According to the National Retail Federation, about eight in 10 American consumers will buy gift cards this year from businesses like department stores and restaurants, spending a total of nearly $30 billion.

Arkansas's Fair Gift Card Act was enacted in 2007 to protect gift card purchasers and recipients from improper fees and untimely expiration dates. Today, Attorney General Dustin McDaniel issued this Consumer Alert to inform consumers about the state law and federal safeguards related to gift cards and gift certificates.

"Our state was among the first in the nation to recognize that gift-card buyers and recipients needed greater protections, and that's why our office was instrumental five years ago in supporting the legislation that addressed the problem," McDaniel said. "Now, with additional federal regulations, consumers can be confident buyers this Christmas."

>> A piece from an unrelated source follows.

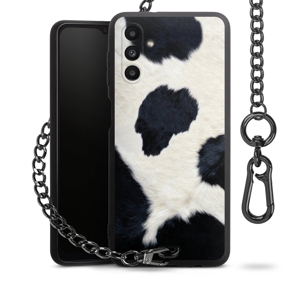 - Mattschwarze Handyhülle mit Metallkette

Consumers have the following protections under the state law and federal rules:
The expiration date on gift cards must be clearly disclosed, and the expiration date must not be fewer than five years from the date the card was purchased, or from the last date any additional money was loaded onto the card.
Card issuers cannot charge any fees for inactivity unless the card has not been used for two years.
Any additional fees must be clearly disclosed on the card or its packaging.
McDaniel offered this advice to gift card buyers:
Purchase gift cards from trusted businesses. Avoid buying from Internet auction sites to protect against buying counterfeit or fraudulently obtained cards.
If there is an additional fee to purchase the card, or other terms and conditions that may not be acceptable, then shop elsewhere.
Keep receipts so that the recipient can verify the purchase in the event the card is lost or stolen.
Make sure the retailer or restaurant issuing the gift card is financially stable. Cards purchased from businesses that close or file for bankruptcy may lose their worth.
McDaniel encouraged gift card recipients to read the card's terms and conditions and be aware of the expiration date or the possibility of any additional fees. If, after a period of nonuse, it appears that the card has expired or fees have been deducted, contact the card issuer. The issuer may opt to honor the card or reverse the fees.

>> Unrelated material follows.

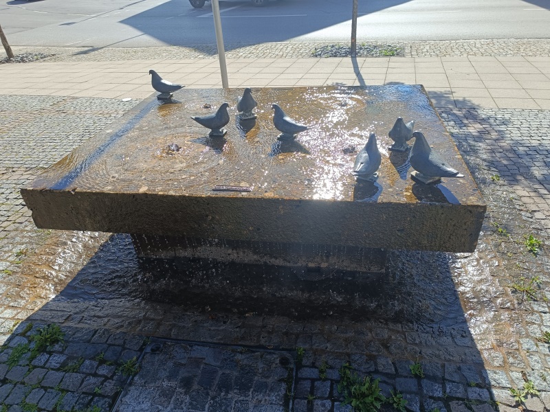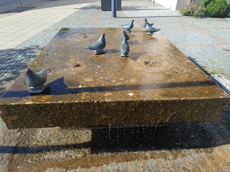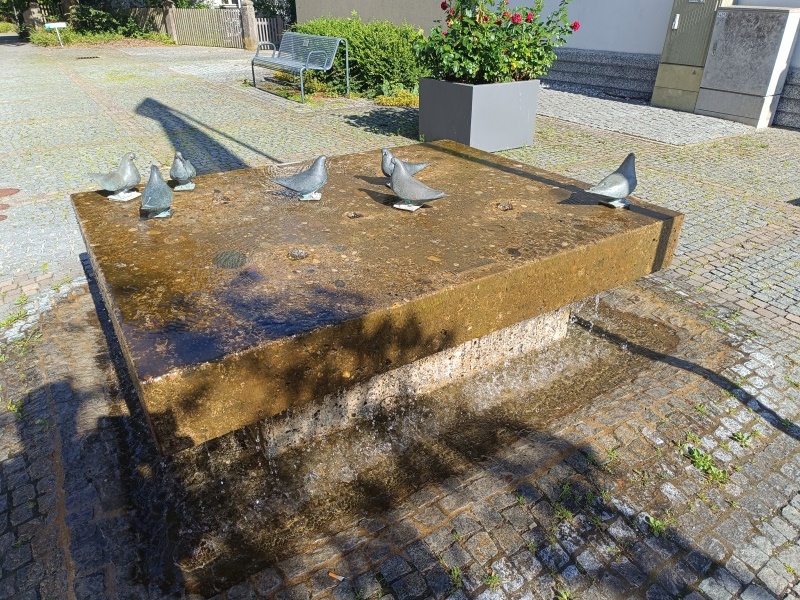 das Wasser austritt, sitzen sieben bronzene Tauben. Gerade so, als würden

Recipients should always keep the original purchase receipt and the card's ID number in a safe location. To avoid misplacing or forgetting about the card, use it as soon as possible. Report a lost or stolen card immediately to the issuer.

If there are problems with a gift card, contact the issuer. If the problem cannot be resolved, consumers may contact the Federal Trade Commission at www.ftc.gov (for cards issued by retailers) or the Comptroller of the Currency's Customer Assistance Group (for cards issued by national banks) at (800) 613-6743.

In addition, consumers may contact the Attorney General's Consumer Protection Division at (800) 482-8982 or visit the Consumer Protection Division's website, www.GotYourBackArkansas.org.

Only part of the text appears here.